Aristotle held that philosophising begins with wonder. The African philosopher Jonathan Chimakonam suggested that, while wonder might have instigated Western philosophy, it was frustration that spurred African philosophy, with the emergence of radically Afrocentric nationalist philosophers such as Léopold Sédar Senghor, Aimé Césaire and Kwame Nkrumah who saw in philosophy an ideological weapon for attacking those who sought to denigrate and subjugate Africans culturally and politically. What is needed now is a 21st-century African synthesis that can help to resolve this struggle. ‘Consolation philosophy’ – spurred by both wonder and frustration – attempts to do just that.

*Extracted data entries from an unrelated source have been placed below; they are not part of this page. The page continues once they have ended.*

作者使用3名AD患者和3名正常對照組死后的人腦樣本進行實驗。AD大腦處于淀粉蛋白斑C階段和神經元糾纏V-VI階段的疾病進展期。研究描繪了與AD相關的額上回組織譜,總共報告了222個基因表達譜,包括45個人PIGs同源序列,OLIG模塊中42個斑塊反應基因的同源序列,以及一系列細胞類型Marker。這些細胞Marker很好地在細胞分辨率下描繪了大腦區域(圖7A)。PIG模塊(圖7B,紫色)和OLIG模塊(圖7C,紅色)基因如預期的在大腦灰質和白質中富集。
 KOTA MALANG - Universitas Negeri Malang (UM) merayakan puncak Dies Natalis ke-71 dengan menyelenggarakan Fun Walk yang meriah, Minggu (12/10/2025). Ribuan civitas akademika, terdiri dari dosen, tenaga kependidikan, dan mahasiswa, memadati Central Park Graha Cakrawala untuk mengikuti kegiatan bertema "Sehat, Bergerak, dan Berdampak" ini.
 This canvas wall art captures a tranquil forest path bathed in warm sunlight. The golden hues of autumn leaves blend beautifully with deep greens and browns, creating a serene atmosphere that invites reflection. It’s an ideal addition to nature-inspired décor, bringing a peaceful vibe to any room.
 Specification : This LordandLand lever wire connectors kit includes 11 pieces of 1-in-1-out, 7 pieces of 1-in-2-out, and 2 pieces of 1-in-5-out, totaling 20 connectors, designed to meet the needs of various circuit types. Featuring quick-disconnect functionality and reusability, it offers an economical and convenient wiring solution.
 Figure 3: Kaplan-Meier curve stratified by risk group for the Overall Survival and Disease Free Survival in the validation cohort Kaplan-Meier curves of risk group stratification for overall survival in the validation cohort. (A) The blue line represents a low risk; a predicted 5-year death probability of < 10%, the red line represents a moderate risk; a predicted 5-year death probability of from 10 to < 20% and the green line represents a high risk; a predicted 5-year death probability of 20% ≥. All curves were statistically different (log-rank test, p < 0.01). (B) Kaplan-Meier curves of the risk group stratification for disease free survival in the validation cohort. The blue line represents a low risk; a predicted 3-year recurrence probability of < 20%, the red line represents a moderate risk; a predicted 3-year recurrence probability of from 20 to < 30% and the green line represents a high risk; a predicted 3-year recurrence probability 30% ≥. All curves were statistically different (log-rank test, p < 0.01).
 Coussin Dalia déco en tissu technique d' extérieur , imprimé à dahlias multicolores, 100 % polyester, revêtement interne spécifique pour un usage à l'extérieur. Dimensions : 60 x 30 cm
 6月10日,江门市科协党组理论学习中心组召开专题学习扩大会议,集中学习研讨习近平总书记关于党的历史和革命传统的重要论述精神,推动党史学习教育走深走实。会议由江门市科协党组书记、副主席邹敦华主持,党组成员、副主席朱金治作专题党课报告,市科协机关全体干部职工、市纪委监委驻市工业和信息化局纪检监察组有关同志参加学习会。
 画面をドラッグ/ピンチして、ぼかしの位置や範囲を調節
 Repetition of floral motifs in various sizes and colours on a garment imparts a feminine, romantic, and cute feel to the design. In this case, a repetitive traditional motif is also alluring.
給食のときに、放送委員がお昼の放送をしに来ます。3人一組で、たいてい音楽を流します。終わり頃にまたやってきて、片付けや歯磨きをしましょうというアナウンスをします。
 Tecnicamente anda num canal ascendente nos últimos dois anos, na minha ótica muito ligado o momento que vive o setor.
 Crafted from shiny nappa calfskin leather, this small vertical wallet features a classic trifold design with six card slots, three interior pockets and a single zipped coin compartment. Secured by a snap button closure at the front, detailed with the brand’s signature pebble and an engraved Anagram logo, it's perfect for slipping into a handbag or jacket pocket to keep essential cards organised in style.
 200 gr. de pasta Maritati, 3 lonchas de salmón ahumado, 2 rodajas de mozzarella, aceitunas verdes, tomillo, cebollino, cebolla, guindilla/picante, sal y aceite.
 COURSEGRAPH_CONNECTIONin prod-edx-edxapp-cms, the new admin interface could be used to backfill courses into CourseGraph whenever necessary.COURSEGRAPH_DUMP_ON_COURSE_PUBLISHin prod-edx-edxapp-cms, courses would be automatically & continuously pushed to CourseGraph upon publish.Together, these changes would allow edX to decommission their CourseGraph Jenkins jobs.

The idea of ‘consolation’ philosophy does not imply an attempt to comfort philosophers. Rather, it suggests a philosophy of life, a project similar to the human-centred philosophical projects of Western existentialists such as Martin Heidegger, Jean-Paul Sartre, Friedrich Nietzsche, Gabriel Marcel, Søren Kierkegaard, Miguel de Unamuno, Emmanuel Levinas and German idealists such as Arthur Schopenhauer. Here I offer a brief presentation of this African philosophical synthesis, which I hope will help to resolve the dilemma eloquently put forward in 1997 by professor of philosophy at Penn State University Robert Bernasconi: ‘Either African philosophy is so similar to Western philosophy that it makes no distinctive contribution and effectively disappears; or it is so different that its credentials to be genuine philosophy will always be in doubt.’…

“Consolation philosophy” understands the human being as a unity of feeling and reason, in a cosmos rich with primal emotion.  The provocative– and timely–  essay in full at “A truly African philosophy.”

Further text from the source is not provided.